## Try it
In the records below, the lines between the one holding "CLEMSON TIGERS Here" and the one holding "Складной легкий чемодан", inclusive, are to be transcribed exactly; no pictures are to be included.

(Collection entries)
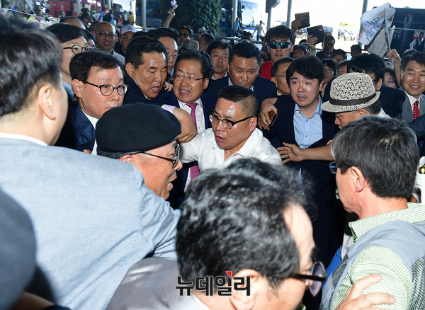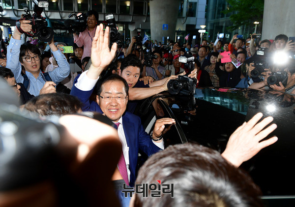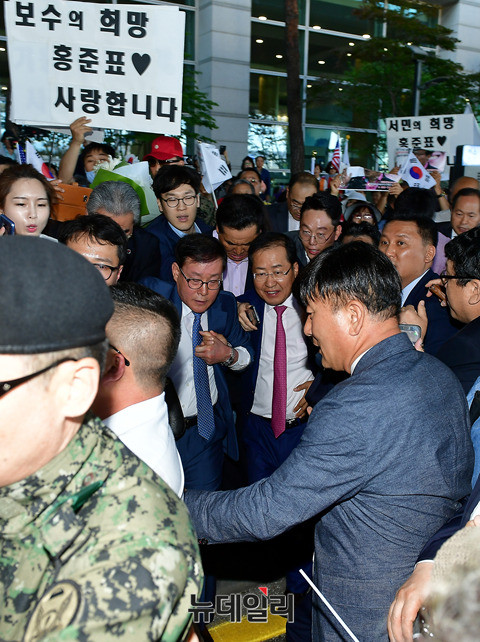 홍 전 대선후보는 지난 5월 12일, 차남 정현 씨 부부가 있는 미국으로 출국했다. 자유한국당은 오는 7월 3일 전당대회를 앞두고 있다. (인천=뉴데일리 정상윤 기자)
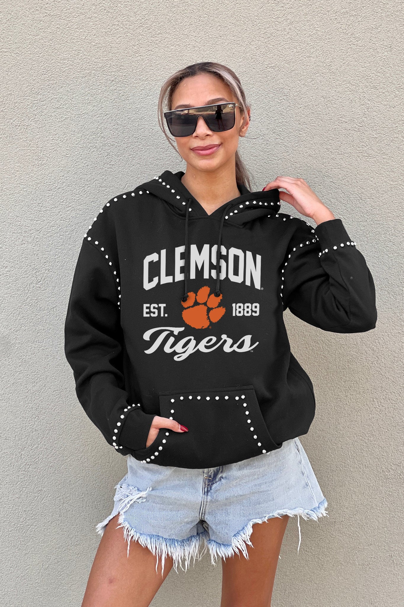 CLEMSON TIGERS Here For It Studded-Detail Fleece Hoodie
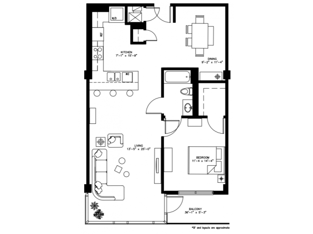 1 Bed 1 Bath - 725 - Floorplan 1 Bed 1 Bath - 755
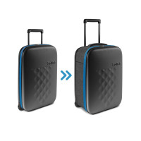 Складной легкий чемодан Rollink Earth черного цвета с синей молнией. Размер 55х40х20 см. В сложенном виде толщина составляет 5 см, с колёсами 8, 5 см. Объем 40 л. Вес 2, 2 кг. Жесткие стенки сделаны из ударопрочного полипропилена. Бока мягкие, из полиэстера с водоотталкивающей пропиткой. Внутри два откидывающихся жестких клапана на дне и вверху чемодана, крепятся липучками и сохраняют форму чемодана в собранном виде. Боковой easy access карман 12х19 см на липучке для документов и телефона. Удлиненная надежная выдвижная телескопическая ручка из алюминия с несколькими уровнями фиксации высоты ручки (от пола 80/94/104 см) для людей разного роста и удобная мягкая ручка сверху чемодана, чтобы было удобно нести его в руках. 2 колеса со специальным покрытием и подшипниками для более плавного и бесшумного передвижения. Надежная молния синего цвета.
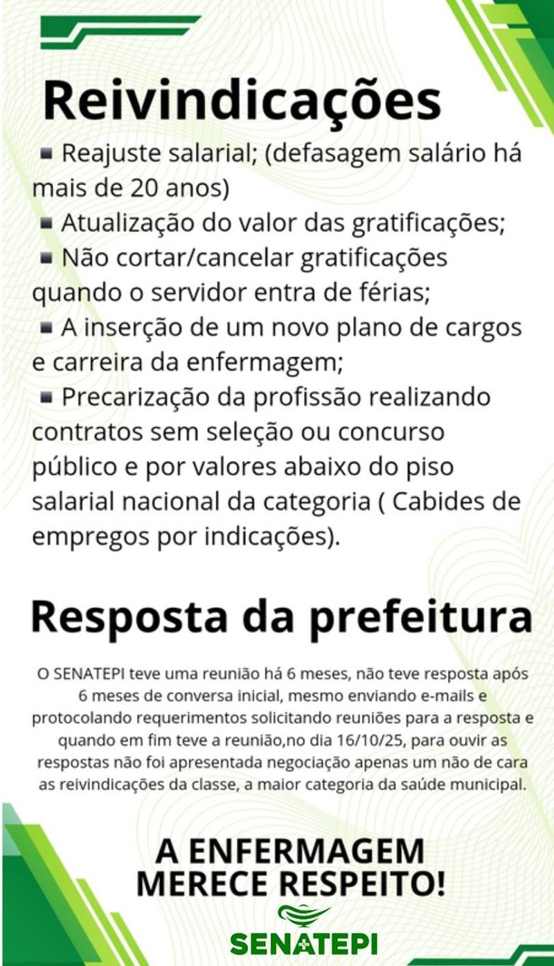 O SENATEPI (Sindicato dos Enfermeiros, Técnicos e Auxiliares de Enfermagem do Piauí) afirma que tentou, por seis meses, abrir diálogo com a gestão. Foram protocolos, e-mails, ofícios e pedidos de reunião, todos ignorados. Quando finalmente foram recebidos, no último dia 16 de outubro, a resposta da Prefeitura foi um sonoro “não” a todas as reivindicações. Nenhuma proposta, nenhum plano, nenhum gesto de empatia.
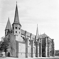 An dessen Stele erhebt sich heute der 1269 begonnenen hochgotische Neubau. An eine dreischiffige Basilika von vier Jochen schließt sich ein einschiffiges Querhaus an, dessen Vierung sich zu einem polygonal abgeschlossenen Chor öffnet. Ihn flankieren zwei unvollendete Türme. Den äußeren Jochen der Querhausarme sind östliche polygonale Seitenkapellen angefügt. Die so entstehende Dreiapsidenanlage war zur Zeit ihrer Errichtung als Chortypus bereits so veraltet, dass sie wohl nur als Reminiszenz an den niedergelegten Vorgängerbau verstanden werden kann.
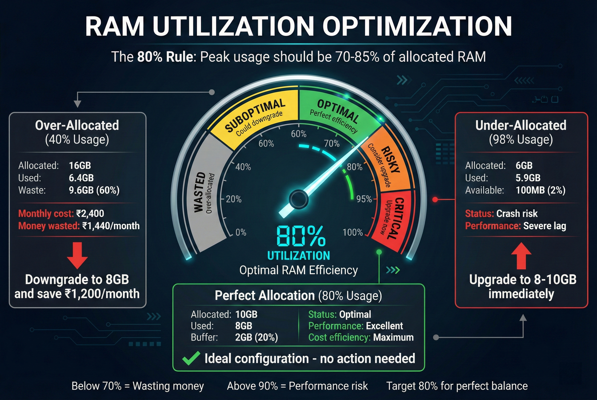 - Target 70-85% RAM utilization at peak load
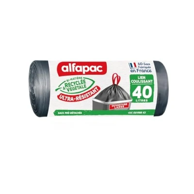 Contents: roll of 10 bags, 40 litres, with sliding strap, easy to close, bag dimensions: 65 x 70 cm Unique two-material: recycled (74%) and vegetable (15%) Made in France: certified bin liners from France Efficiency: robustness and perfect sealing Practicality: the bags come pre-separated in the roll for easy removal. Practical closure thanks to the sliding strap. Thanks to the large opening suitable for large wheelie bins.

## Answer section
 CLEMSON TIGERS Here For It Studded-Detail Fleece Hoodie
 1 Bed 1 Bath - 725 - Floorplan 1 Bed 1 Bath - 755
 Складной легкий чемодан Rollink Earth черного цвета с синей молнией. Размер 55х40х20 см. В сложенном виде толщина составляет 5 см, с колёсами 8, 5 см. Объем 40 л. Вес 2, 2 кг. Жесткие стенки сделаны из ударопрочного полипропилена. Бока мягкие, из полиэстера с водоотталкивающей пропиткой. Внутри два откидывающихся жестких клапана на дне и вверху чемодана, крепятся липучками и сохраняют форму чемодана в собранном виде. Боковой easy access карман 12х19 см на липучке для документов и телефона. Удлиненная надежная выдвижная телескопическая ручка из алюминия с несколькими уровнями фиксации высоты ручки (от пола 80/94/104 см) для людей разного роста и удобная мягкая ручка сверху чемодана, чтобы было удобно нести его в руках. 2 колеса со специальным покрытием и подшипниками для более плавного и бесшумного передвижения. Надежная молния синего цвета.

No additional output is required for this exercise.